En varios momentos el autor la define como judía, sin resquicio de duda, por ejemplo, cuando manifiesta el error de relacionar el amor al prójimo y la justicia de los Evangelios con el pensamiento griego, “error que tiene que ver con el horror de SW hacia los textos violentos del Antiguo Testamento y con el rechazo instintivo de un nacionalismo racista judío, precisamente porque ella era judía” (p. 21). Personalmente que provengo de “cristianos viejos” he sentido el mismo horror también ¿quizás porque provengo de judíos ancestros? Por otra parte ¿puede definirse una persona por lo que dijo no ser? Se puede discutir del tema, pero ¿podemos catalogar así a alguien que dijo no conocer el judaísmo porque ya sus padres se apartaron de ello? Podemos decir que Weil fue filósofa, sindicalista, maestra, obrera, escritora, porque ejerció todas esas facetas… pero, ¿podemos decir que fue lo que apenas conoció?

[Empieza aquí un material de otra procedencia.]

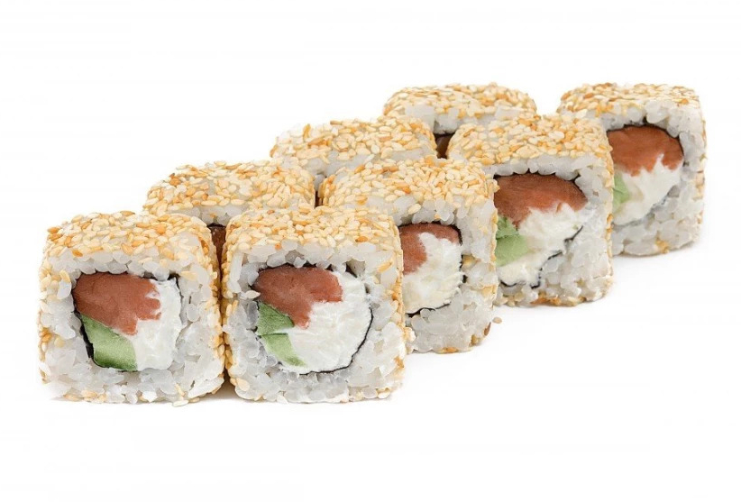 Лосось копченый, сыр, огурец, икра, кунжут, соус копчённый

Más aún ¿Podemos presentarla comparándola con otras judías?, por ejemplo, con Etty Hillesum (p. 23) “SW, por ser ella misma judía, se vuelve agresiva y generaliza. (…) Etty no generaliza. (…) En Simone hay una sexualidad reprimida; Etty, más bien libertina y a quien le gustaba hacer el amor, va aprendiendo el sentido de una castidad…” No sé qué dirían ellas si lo leyeran.
He leído y me gusta mucho la interiorización profunda que Etty expresa, pero a mi juicio no son comparables, al menos tomando en consideración este sentido. A un filósofo –o a una filósofa- se le compara con otros u otras por su obra, no por su sexualidad o por sus decisiones en la vida.

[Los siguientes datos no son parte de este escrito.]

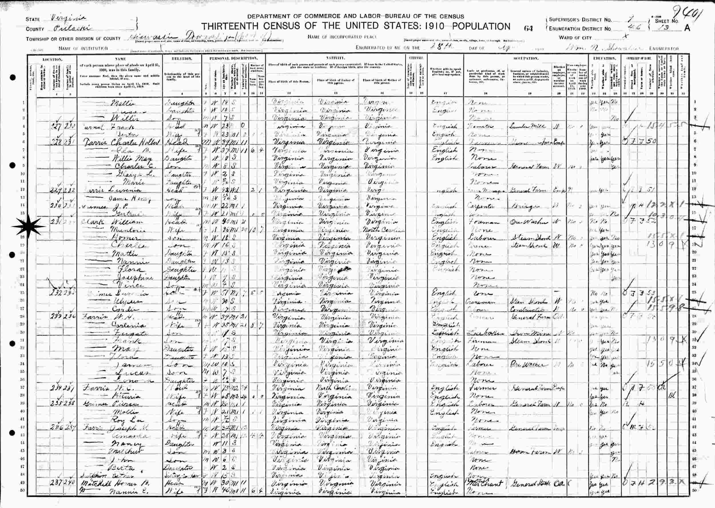 April 18, 1910 - Supervisor's District 9, Enumeration District 46, Hiawassie District, Pulaski County, Virginia.

Algunas sombras se fundamentan en Sylvie, la “sobrina” y sus quejas. Tengo una opinión bastante parecida a la de Faus acerca de los escritos de Sylvie sobre su “tía”, pero le ha faltado aclarar, ya que la utiliza como referente de las quejas sobre Simone, que Sylvie pensaba -o mejor dicho sentía- que Simone Weil pudo ser su madre. Otra madre-que-traumó-a-su-hija ¿quizás porque no le dio el amor maternal que parece necesitar?

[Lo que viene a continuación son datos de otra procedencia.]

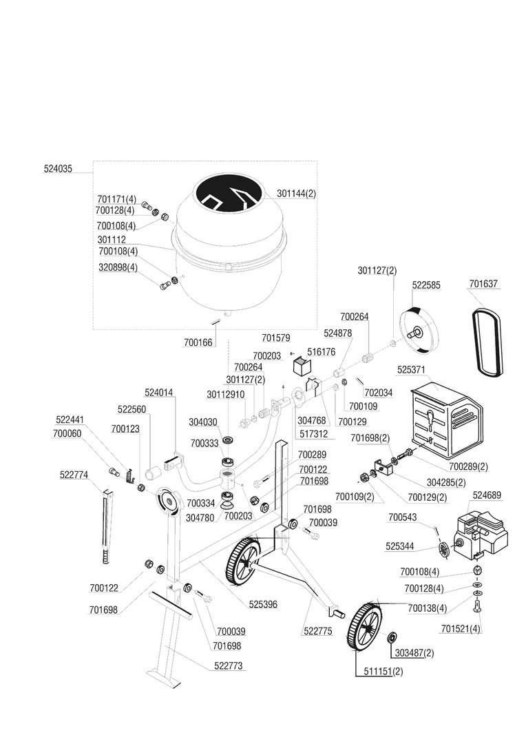 Zeichnungen von AL-KO Betonmörtelmaschinen Top 1401 B mit der Geräte-Artikelnr. 117569:

Porque la sombra que más quisiera despejar para que por fin nos dediquemos a hablar del pensamiento y de la expresión de Simone Weil, es la de la crítica a su madre. “Madre ciega como todas las madres” “super-cariñosa, super-cuidadora y super-posesiva”. Madres supers que nutrimos todos los traumas y provocamos las dificultades de hijos e hijas. ¡Cuántas madres han sufrido y sufren sintiendo que son las responsables de los problemas de sus hijos e hijas! Sombras sobre una de las relaciones más intensas que algunas podemos experimentar, sombras que duelen.
Sombras porque son “otros temas”. Se puede traer Simone Weil al propio pensamiento y a la propia experiencia sobre la injusticia, la Iglesia, la verdad, el cristianismo, la política…, porque de todo ello va la obra weiliana, pero iluminaríamos su decir dejando atrás el supuesto judaísmo, la supuesta sexualidad y la supuesta minusvalía emocional que le pudo causar una madre inteligente, atenta, amorosa, creativa, una madre que todos hubiéramos querido tener.
En fin, quisiera, como el padre Primitivo del cuento de Pemán que recoge en un segundo anexo, beber del agua fresca del pozo para que el otro, al que miro y veo sediento, beba también y apague su sed, aunque sólo sea la temporal, así de necesitados somos.
Maria Àngels García-Carpintero Sánchez-Miguel, L’Hospitalet, 30-06-2021
A Mine (así llamaba afectuosamente Simone a su madre), a Simone, a Etty, a Sylvie, a Angelita, mi madre, que murió de Alzheimer sin perder el vínculo con su “niña”, a Irene mi hija no-traumada y a todas nosotras tan sobre-leídas.